Lloyds has completed a record 13.5 billion pound ($21.9 billion) rights issue, ending a turbulent period for the British bank and shifting investor focus to a potential government stake sale in 2010.

The cash call -- the world's largest to date -- is a key plank of a bumper capital raising effort worth over 23 billion pounds in total and aimed at helping Britain's largest retail bank to avoid a state-backed scheme for bad debts.

In a statement on Monday, Lloyds Banking Group said around 95.3 percent of new shares offered were taken up by investors including the British government, which owns around 43 percent.

That left just over 600 million pounds of shares to be placed by its underwriters, Bank of America Merrill Lynch, UBS and Citigroup -- far better than Lloyds' last rights offer in June, which left a rump of 13.1 percent.

Traders in London said the rump was placed by 1000 GMT on Monday and sold at around 56 pence, close to Friday's close. An official statement from the bank is due later on Monday.

The rights issue was priced at 37 pence per share, with investors being offered 1.34 shares for every existing share held. That compares with Friday's close at 56.2 pence.

A high take-up -- with the rump placed within two hours -- is the strongest indication yet of shareholder support for Lloyds' turnaround effort and of appetite for its shares.

I take it as a good sign. Over 95 percent feels quite good to me, analyst Mike Trippitt at Oriel Securities said.
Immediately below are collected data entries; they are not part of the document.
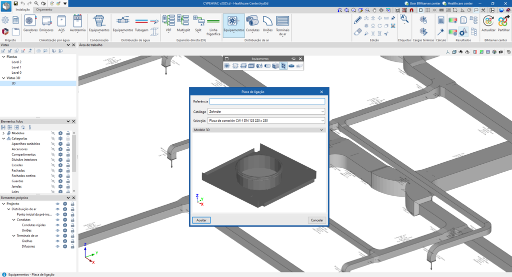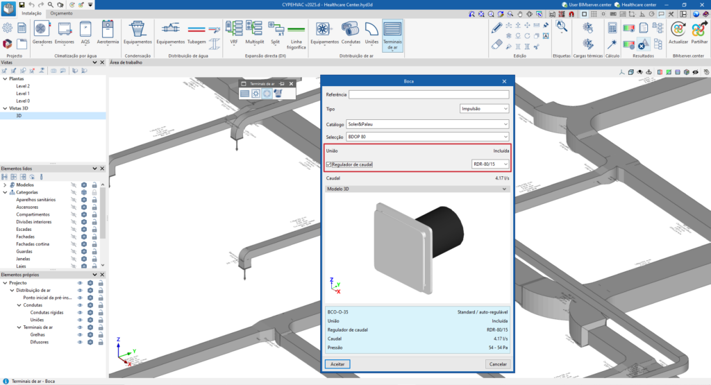 A partir da versão 2025.d, o CYPEHVAC inclui um novo módulo que permite o cálculo e o projeto de instalações de ventilação mecânica controlada (VMC). O programa oferece todos os elementos necessários para este tipo de instalações: condutas, recuperadores de calor, plenums, bocas de impulsão e extração, silenciadores, etc. de diferentes fabricantes.
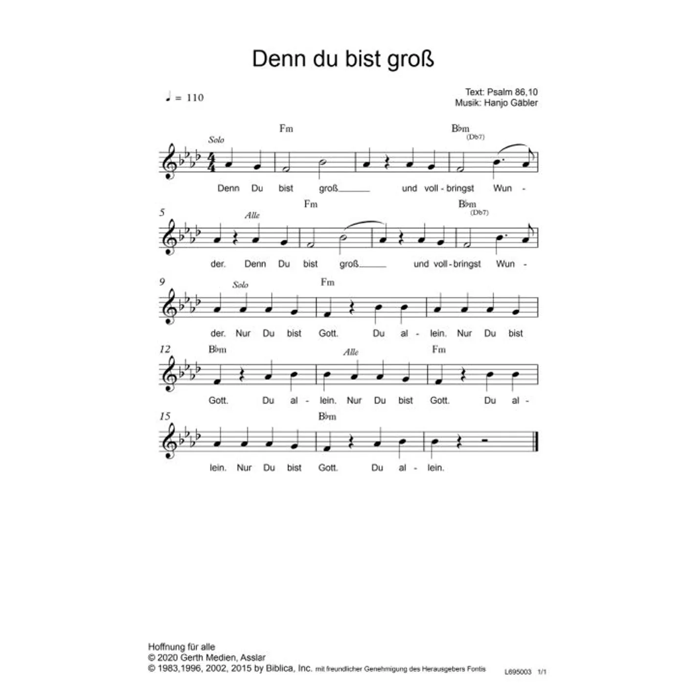 Denn du bist groß (diese Variante haben Sie gerade ausgewählt) (einstimmig, mit Akkorden, F-Moll) Hanjo Gäbler (Komposition) |
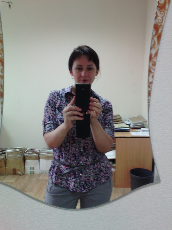 Утром выглядеть хорошо мне надо в любом случае, так как к 8-00 на работу. Сфоткалась уже на работе на телефон:

This has drawn a line under the capital issue -- they have a solid capital position, a strong balance sheet. The spotlight now will be on the operating performance.

Lloyds shares opened up over 3 percent, as investors were cheered by the take-up and by Abu Dhabi's $10 billion bailout for Dubai, where Lloyds is a creditor. At 1157 GMT (6:57 a.m. EST) the shares were down 0.7 percent at 55.8 pence in a strong market, held back by the placing of outstanding shares.

Analysts and investors said clarity on the bank's capital and a focus on its operational progress would also make it easier for the government - which has bought into Lloyds at an average price of 122.6 pence - to begin considering selling down its share as early as the start of next year.

What we have seen today is there is appetite for the equity, so it would be smart for a variety of reasons for the government to begin to place a small amount of its stake in the first quarter of 2010, analyst Joe Dickerson at Execution said.

UK Financial Investments, which manages government stakes in nationalized or bailed-out banks, is expected to test appetite for its shares soon, but it is unclear whether a sale could come before a general election due by early June.

MOVING ON UP

The bank, which has 2.8 million small shareholders accounting for 7 percent of its equity before the rights issue, has faced anger over mistakes made during the crisis and a decision to buy embattled rival HBOS -- heightened by revelations that the Bank of England had secretly lent HBOS 25 billion pounds to keep it afloat at the height of the crunch.

But investors voted overwhelmingly last month to back its capital-raising plan, which includes a debt exchange into so-called contingent capital, and totals over 23 billion pounds after an increase announced on Friday.

The new bonds, dubbed cocos, are designed to convert into equity if Lloyds's core Tier 1 capital ratio falls below 5 percent, shoring up its position if it hits rocky times.